[[ Records supplied, beginning ]]

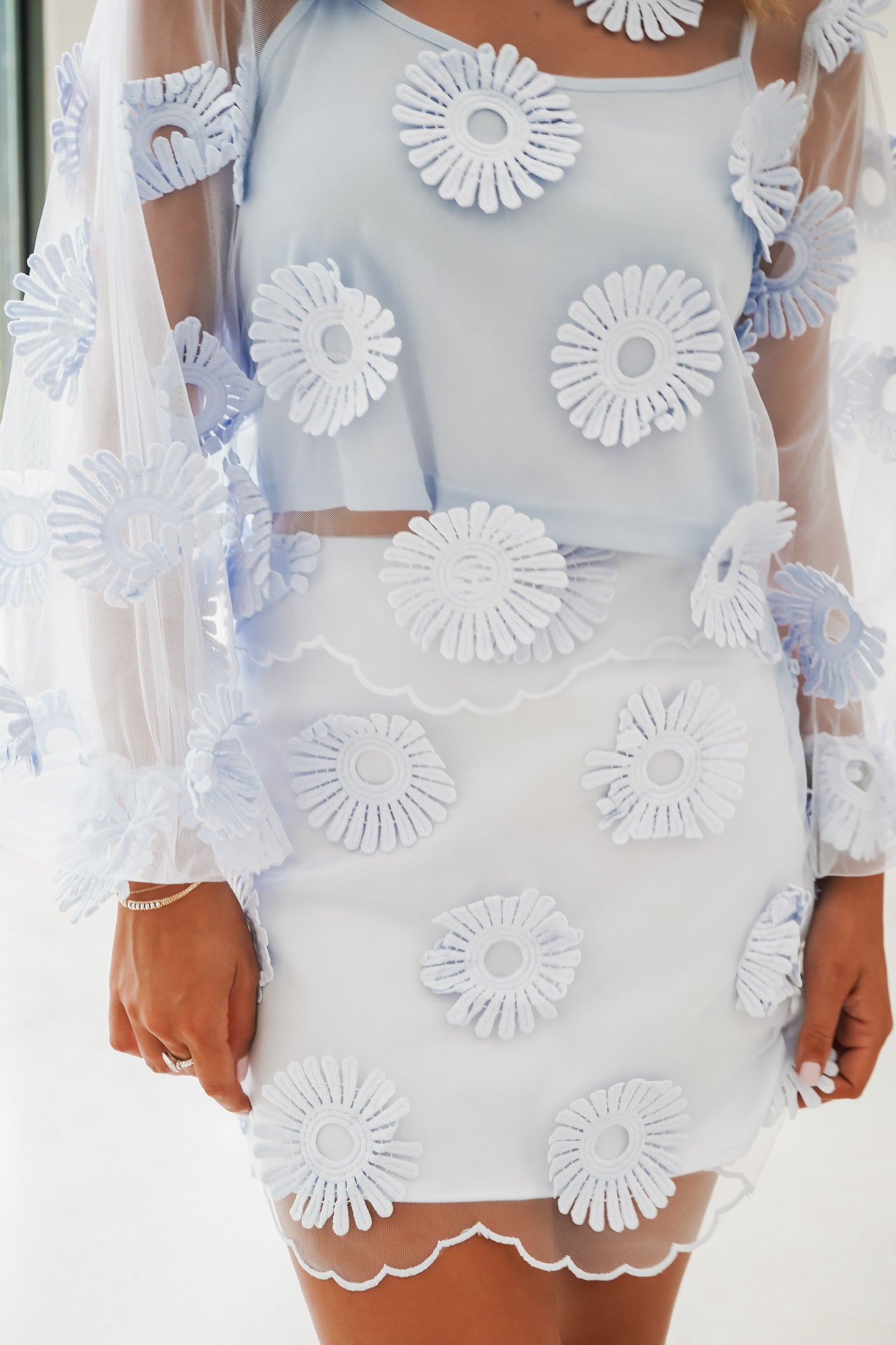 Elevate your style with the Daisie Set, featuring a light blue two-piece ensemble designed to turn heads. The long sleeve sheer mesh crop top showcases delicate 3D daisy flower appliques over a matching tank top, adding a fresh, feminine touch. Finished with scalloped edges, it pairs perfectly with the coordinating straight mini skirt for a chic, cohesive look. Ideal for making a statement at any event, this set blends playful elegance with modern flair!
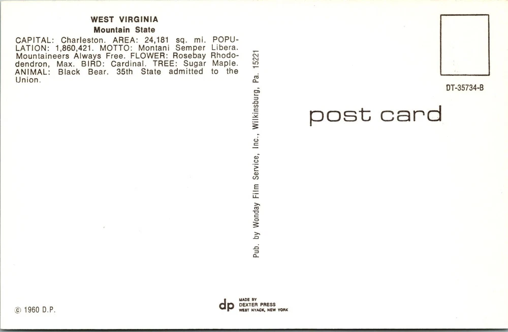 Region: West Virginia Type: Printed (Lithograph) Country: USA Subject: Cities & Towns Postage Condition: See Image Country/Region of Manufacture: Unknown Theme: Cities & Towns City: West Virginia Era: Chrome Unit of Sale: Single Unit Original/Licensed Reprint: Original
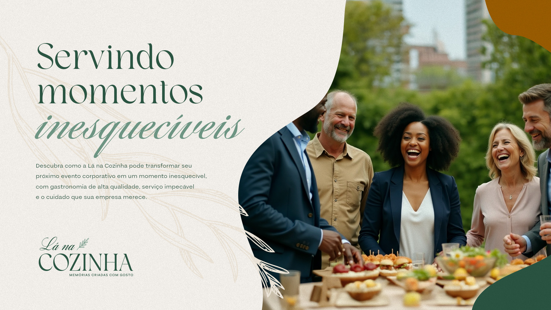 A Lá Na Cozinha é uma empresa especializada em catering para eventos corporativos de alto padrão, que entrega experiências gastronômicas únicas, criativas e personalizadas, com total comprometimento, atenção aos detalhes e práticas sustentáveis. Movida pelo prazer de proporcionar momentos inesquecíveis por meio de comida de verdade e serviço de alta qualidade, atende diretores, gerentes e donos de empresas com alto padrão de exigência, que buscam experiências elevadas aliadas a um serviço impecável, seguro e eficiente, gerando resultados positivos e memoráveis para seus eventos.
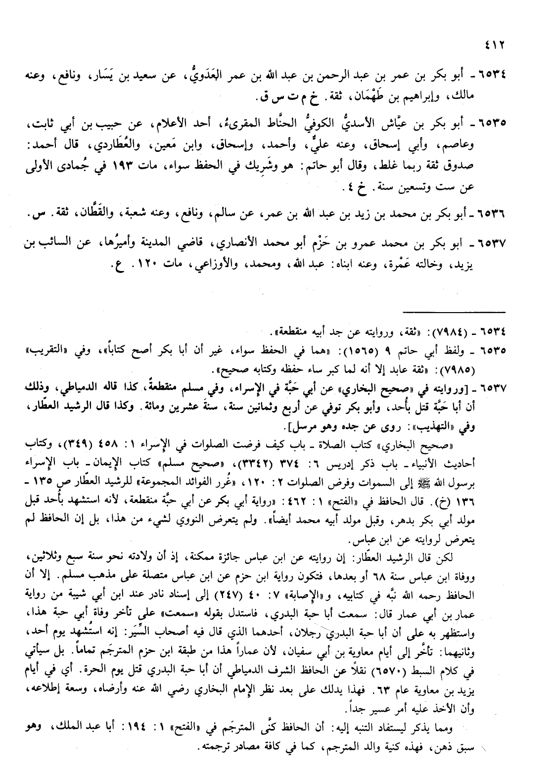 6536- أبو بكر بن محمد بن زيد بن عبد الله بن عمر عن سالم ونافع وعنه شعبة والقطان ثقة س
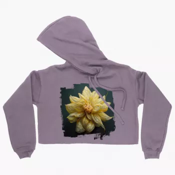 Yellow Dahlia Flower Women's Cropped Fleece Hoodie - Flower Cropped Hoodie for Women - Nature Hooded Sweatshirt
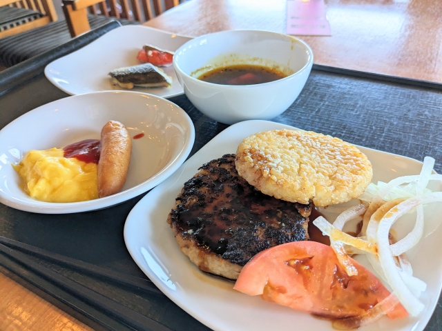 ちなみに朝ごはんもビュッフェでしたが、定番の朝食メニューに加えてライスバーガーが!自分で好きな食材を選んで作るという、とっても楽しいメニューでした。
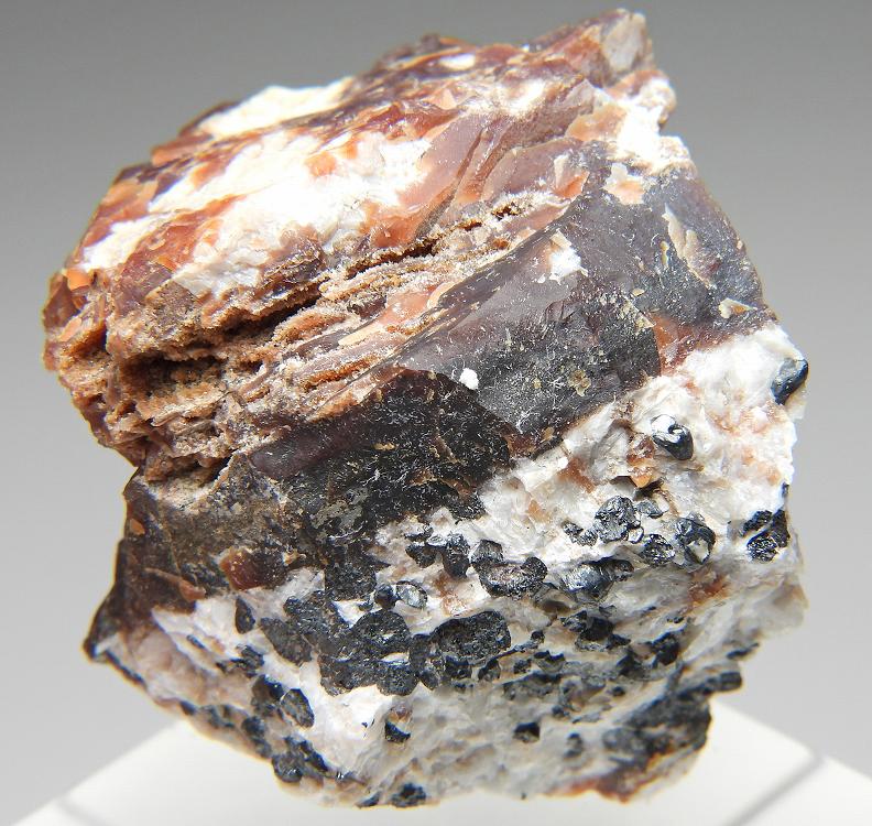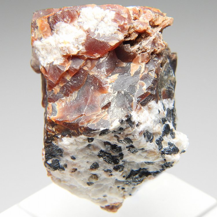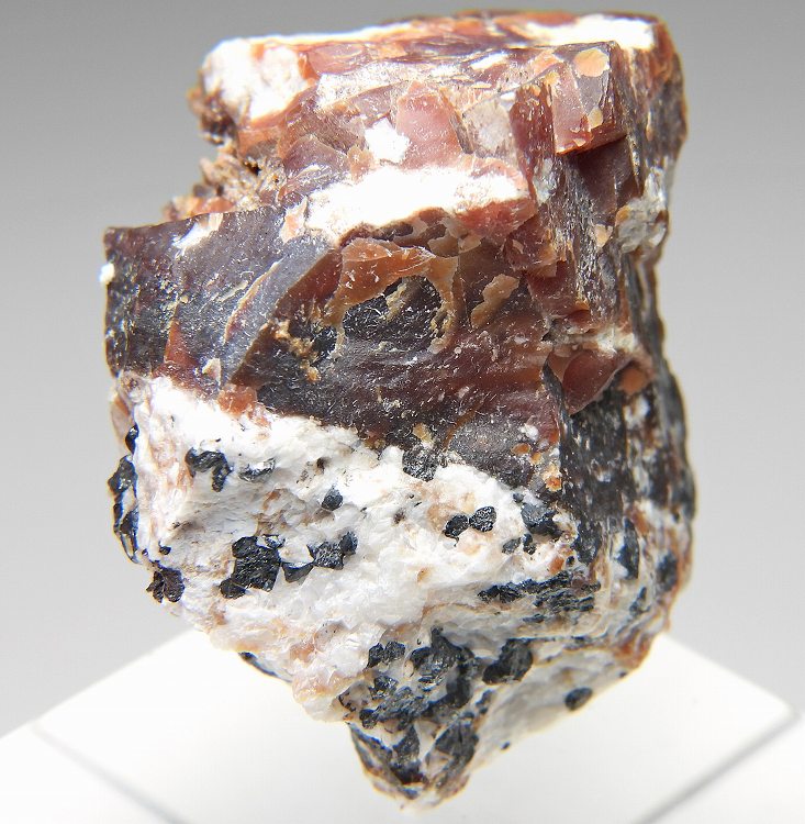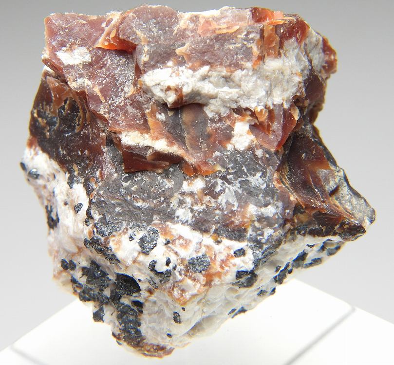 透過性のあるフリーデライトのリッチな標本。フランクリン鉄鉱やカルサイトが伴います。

[[ Records supplied, end ]]
[[ Records supplied, beginning ]]

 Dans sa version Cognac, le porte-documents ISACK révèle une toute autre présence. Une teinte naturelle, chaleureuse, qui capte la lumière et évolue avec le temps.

[[ Records supplied, end ]]
[[ Records supplied, beginning ]]

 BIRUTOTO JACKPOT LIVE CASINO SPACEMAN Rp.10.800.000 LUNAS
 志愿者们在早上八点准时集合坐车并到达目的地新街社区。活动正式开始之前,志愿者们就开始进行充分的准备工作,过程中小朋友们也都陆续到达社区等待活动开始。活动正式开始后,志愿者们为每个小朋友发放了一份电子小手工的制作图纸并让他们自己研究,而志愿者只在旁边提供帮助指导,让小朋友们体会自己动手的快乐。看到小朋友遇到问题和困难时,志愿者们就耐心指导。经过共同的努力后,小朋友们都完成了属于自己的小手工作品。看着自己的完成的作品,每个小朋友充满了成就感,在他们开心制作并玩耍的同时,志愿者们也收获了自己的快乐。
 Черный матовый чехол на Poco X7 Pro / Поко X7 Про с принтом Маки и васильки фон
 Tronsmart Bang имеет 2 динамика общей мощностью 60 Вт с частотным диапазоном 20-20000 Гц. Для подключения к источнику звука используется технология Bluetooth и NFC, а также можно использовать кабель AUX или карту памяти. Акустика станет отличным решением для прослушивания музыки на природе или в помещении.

[[ Records supplied, end ]]

**Task requirements:** The answer is the lines of the material above, from the one containing "Yellow Dahlia Flower" down to the one containing "透過性のあるフリーデライトの", given exactly and without images.

**Solution to this task:**
 Yellow Dahlia Flower Women's Cropped Fleece Hoodie - Flower Cropped Hoodie for Women - Nature Hooded Sweatshirt
 ちなみに朝ごはんもビュッフェでしたが、定番の朝食メニューに加えてライスバーガーが!自分で好きな食材を選んで作るという、とっても楽しいメニューでした。
 透過性のあるフリーデライトのリッチな標本。フランクリン鉄鉱やカルサイトが伴います。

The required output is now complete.